Księżycowy sorbet, Heena Baek



Książka Heeny Baek, południowokoreańskiej autorki i ilustratorki, już od okładki hipnotyzuje czernią nocy. Przyznajcie się, kto nie lubi wieczorem, przechodząc ulicą, zaglądać w okna domów i mieszkań i wyobrażać sobie, kim są mieszkańcy tych wnętrz? Co robią, co lubią, jak żyją? Przyznam się, że ja lubię i to bardzo. Tu mieszkań, do których możemy zaglądać, jest wiele. Cała kamienica. Do tego zamieszkiwana przez... wilki!

Mamy więc kamienicę z dużymi oknami, które odkrywają przed nami życie i pasję jej mieszkańców. Z lupą warto przyjrzeć się wszystkim szczegółom, bo te wnętrza są kompletne od mebli po wyposażenie kuchenne, ceramikę, tekstylia... Do tego to światło różnych lamp i żyrandoli, które cudownie rozświetla kamienicę od środka. Mieszkańcy siedzą, leżą, kręcą się po kuchniach i pokojach, piją, słuchają muzyki, czytają... Ilustracyjnie ta książka to majstersztyk! Autorka tworzyła obrazy — tworząc makietę domu, ozdabiając materiałami, do tego zastosowała kolaż, wklejając papierowych bohaterów, rysowanych szybką kreską. Te wilki i wilczyska są wspaniałe, podobnie jak pojawiające się później króliki.

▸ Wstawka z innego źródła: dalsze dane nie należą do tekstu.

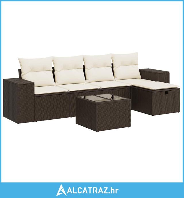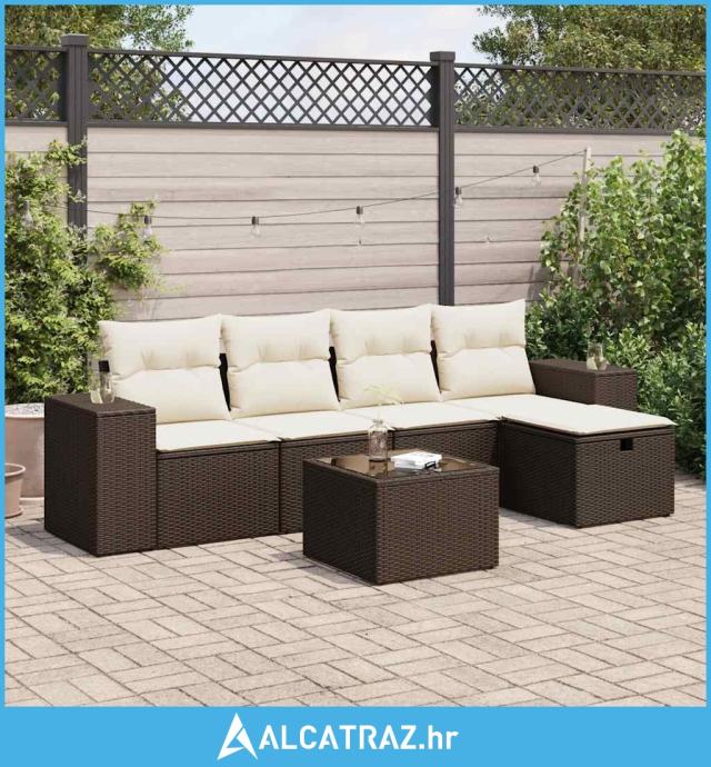 6-dijelni set vrtnih sofa od poliratana s jastucima smeđi - NOVO
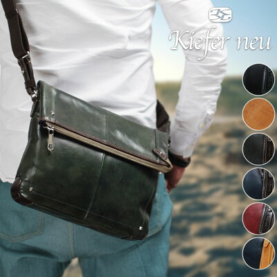 楽天市場 全品クーポン キャッシュレス5 対象 ショルダーバッグ メンズ 革 Kiefer Neu キーファーノイ Ciao チャオ 肩掛け 斜めがけ バッグ 本革 イタリアンレザー 牛革 軽量 メンズバッグ ブランド プレゼント 鞄 かばん カバン Bag 小さめ 送料無料 海外旅行

Parna, letnia noc. Tak gorąca, że trudno zasnąć. Wszystkie klimatyzatory chodzą pełną parą, ale raczej niewiele to zmienia. Nikt nie śpi, choć każdy o niczym bardziej nie marzy... Nagle słychać kapanie... To księżyc się topi! Gospodyni domu nie zastanawiając się, podstawia wielką miskę i łapie spadające krople, a potem rozlewa je do foremek i mrozi... Klimatyzatory nadal chodzą jak szalone, każdy włącza co może, by schłodzić powietrze, urządzenia tego nie wytrzymują. Wysiada prąd. Kamienicę zalewa ciemność. I tylko z jednego mieszkania sączy się ciepłe światło — z mieszkania gospodyni. Wilczyska suną do niego jak ćmy, a gospodyni, chcąc podjąć ich dobrze w tę upalną, ciemną noc częstuje ich księżycowym sorbetem. Ten, jak się okazuje, cudownie gasi pragnienie i wreszcie wszyscy mogą spać... To nie koniec opowieści, bo przed drzwiami pani domu pojawiają się króliki, które z powodu roztopienia się księżyca, nie mają gdzie mieszkać. Zdradzę tylko, że i na to wilcza gospodyni znajduje sposób.

Opowieść nawiązuje do koreańskiej legendy, opowiadającej o królikach, żyjących na Księżycu, które według niektórych rozcierają w moździerzach ryż do ciasteczek na święto chuseok, rozpoczynające się piętnastego dnia ósmego miesiąca koreańskiego kalendarza księżycowo-słonecznego. Na ten czas przygotowuje się ceremonialny stół z potrawami, ale też bawi się, bo to radosne święto plonów. A jak te króliki trafiły na księżyc? W nagrodę od Pana Niebios, który chcąc sprawdzić szlachetność zwierząt, zszedł na ziemię i pod postacią głodnego staruszka, prosił o jedzenie. Małpa podarowała mu zerwane banany, lis — złowione ryby, a biedny królik nie wiedział, czym poczęstować głodnego, przecież ludzie trawy nie jedzą. Postanowił więc wskoczyć w ogień i stać się pieczenią — tak uczynił, jednak Pan Niebios nie dał mu zginąć. Poruszony bohaterską postawą królika, zabrał go do siebie, na Księżyc. Patrząc na księżyc, można dostrzec zarys królika...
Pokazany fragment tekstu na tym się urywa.